#GUTBlog: Standardised training for endoscopic mucosal resection of large non-pedunculated colorectal polyps to reduce recurrence (*STAR-LNPCP study): a multicentre cluster randomised trial

Professor El-Omar has selected Ms Lonne Meulen and Dr Leon M G Moons to do the next #GUTBlog. Dr Moons is from the Department of Gastroenterology and Hepatology, University Medical Centre Utrecht, Utrecht, Netherlands. Ms Lonne Meulen is a MD, PhD candidate, Gastroenterology resident in training, Department of Gastroenterology and Hepatology, Maastricht University Medical Center, Netherlands. Ms Meulen is the first author and Dr Moons is the senior author.

The #GUTBlog focusses on the paper “Standardised training for endoscopic mucosal resection of large non-pedunculated colorectal polyps to reduce recurrence (*STAR-LNPCP study): a multicentre cluster randomised trial” which was published in paper copy in GUT in May 2024.

They write:

“Endoscopic mucosal resection (EMR) is a frequently applied technique to treat large colorectal polyps. Disadvantage of the piecemeal (p)EMR technique is a high recurrence rate, reported up to 30%. Recent studies suggest that recurrence rates can be lowered significantly by fine-tuning the pEMR technique. Especially publishing expert centers have reported very low recurrence rates of only 4%. It is however known that the results in these expert centers are not always met in “real life” practice (1). While changes in the performance of pEMR are most likely responsible for the decrease in recurrence rates, it was unknown whether a training in EMR on a community level could decrease the post-EMR recurrence rate.

Given the lack of a standardized training program for EMR in the Netherlands, and that most endoscopists mostly gain experience in a learning-by-doing fashion thereby heavily depending on the annual exposure to ≥20 mm LNPCPs, we decided to create a standardized training program in collaboration with a team of expert colleagues. The two-day training program existed of practical lectures on basic techniques and EMR trouble shooting, followed by a hands-on training in lifting technique, snare placement, snare tip soft coagulation, and clip placement. This two-day training was complemented by an easily online accessible E-learning with educational videos addressing the same topics.

 

  Photographs of the *STAR-LNPCP study team

 

In this multicenter cluster randomized study, 30 community hospitals were randomized between the intervention and control group. Our study showed a decrease of post-EMR recurrence rate from 25% to 13% in favor of the training. Furthermore, in the trained group the recurrences were smaller, more often unifocal and thereby more easily treatable. Although the recurrence rate is still higher than the reported 4% at expert centers, such a decrease will already have significant consequences for patients and the use of endoscopy resources. Furthermore, we did observe that most of the trained centers reached a 5-6% 6-month recurrence rate, but that some didn’t with a few centers even remaining at the level of the control group. This raises the question how to go forward with the results of these study. The challenge remains to close the remaining gap to recurrence rates as low as 4% on expert level.

This study makes it clear, that the quality of care of existing techniques commonly performed in the majority of Dutch hospitals can be improved by additional post-academic training. It seems reasonable to assume that repeated training and feedback on performance could enforce this quality improvement on a national level. Quality control often consists of monitoring of important quality indicators and patient outcomes. In the Netherlands such a national registration for the outcomes of pEMR of ≥20 mm LNPCPs does not exist.

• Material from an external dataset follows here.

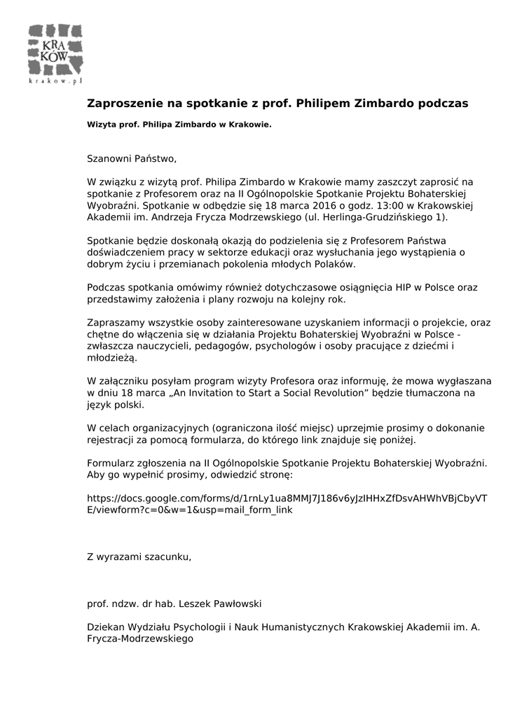 Zaproszenie na spotkanie z prof. Philipem Zimbardo podczas Wizyta prof. Philipa Zimbardo w Krakowie. Szanowni Państwo, W związku z wizytą prof. Philipa Zimbardo w Krakowie mamy zaszczyt zaprosić na spotkanie z Profesorem oraz na II Ogólnopolskie Spotkanie Projektu Bohaterskiej Wyobraźni. Spotkanie w odbędzie się 18 marca 2016 o godz. 13:00 w Krakowskiej Akademii im. Andrzeja Frycza Modrzewskiego (ul. Herlinga-Grudzińskiego 1). Spotkanie będzie doskonałą okazją do podzielenia się z Profesorem Państwa doświadczeniem pracy w sektorze edukacji oraz wysłuchania jego wystąpienia o dobrym życiu i przemianach pokolenia młodych Polaków. Podczas spotkania omówimy również dotychczasowe osiągnięcia HIP w Polsce oraz przedstawimy założenia i plany rozwoju na kolejny rok. Zapraszamy wszystkie osoby zainteresowane uzyskaniem informacji o projekcie, oraz chętne do włączenia się w działania Projektu Bohaterskiej Wyobraźni w Polsce zwłaszcza nauczycieli, pedagogów, psychologów i osoby pracujące z dziećmi i młodzieżą. W załączniku posyłam program wizyty Profesora oraz informuję, że mowa wygłaszana w dniu 18 marca „An Invitation to Start a Social Revolution” będzie tłumaczona na język polski. W celach organizacyjnych (ograniczona ilość miejsc) uprzejmie prosimy o dokonanie rejestracji za pomocą formularza, do którego link znajduje się poniżej. Formularz zgłoszenia na II Ogólnopolskie Spotkanie Projektu Bohaterskiej Wyobraźni. Aby go wypełnić prosimy, odwiedzić stronę: https://docs.google.com/forms/d/1rnLy1ua8MMJ7J186v6yJzIHHxZfDsvAHWhVBjCbyVT E/viewform?c=0&w=1&usp=mail_form_link Z wyrazami szacunku, prof. ndzw. dr hab. Leszek Pawłowski Dziekan Wydziału Psychologii i Nauk Humanistycznych Krakowskiej Akademii im. A. Frycza-Modrzewskiego dr Agnieszka Wilczyńska, Krakowska Akademia im. A. Frycza Modrzewskiego Lider Projektu Bohaterskiej Wyobraźni mgr Agnieszka Konik, Z-ca Lidera, Trener HIP Krakowska Akademia im. A. Frycza Modrzewskiego Powered by TCPDF (www.tcpdf.org)

This study provided important insights to the participating centers, but with the ending of this study such feedback mechanisms disappear. To our opinion such a quality program should be implemented to ensure high quality of care in the Netherlands for a long time period. Such a quality program should be complemented by adequate training to achieve optimal performance. A combination of training attendance and registration of important outcome measures may be the basis for certification for proficiency. Such an approach could be an interesting alternative to centralization of all large polypectomies. It enables everybody to participate, but requests dedication and a certain threshold of performance. Furthermore, such a national infrastructure might also be the ideal vehicle for fast implementation of new developments. It remains however the question whether the (inter)national societies, or governmental institutes should be responsible for setting up such a quality program and to support the program with means.

This post-academic training showed no effect on the recurrence rate of ≥40 mm LNPCPs. While centralization is a sensitive topic, our study supports observations made in previous learning curve studies that concluded that exposure of the individual endoscopists needs to be high enough to obtain a decent learning curve and optimize individual outcomes. Given the fact that ≥40 mm LNPCPs are not highly prevalent, resulting in a low annual exposure of individual endoscopists, centralization is needed to increase the annual exposure of dedicated and highly specialized endoscopists. Which annual exposure is needed to maintain proficiency for pEMR of ≥40 mm LNPCPs is however unknown.”

References

  • Meulen LWT, van der Zander QEW, Bogie RMM, et al. Evaluation of polypectomy quality indicators of large nonpedunculated colorectal polyps in a nonexpert, bowel cancer screening cohort. Gastrointestinal Endoscopy. 2021;94:1085-95.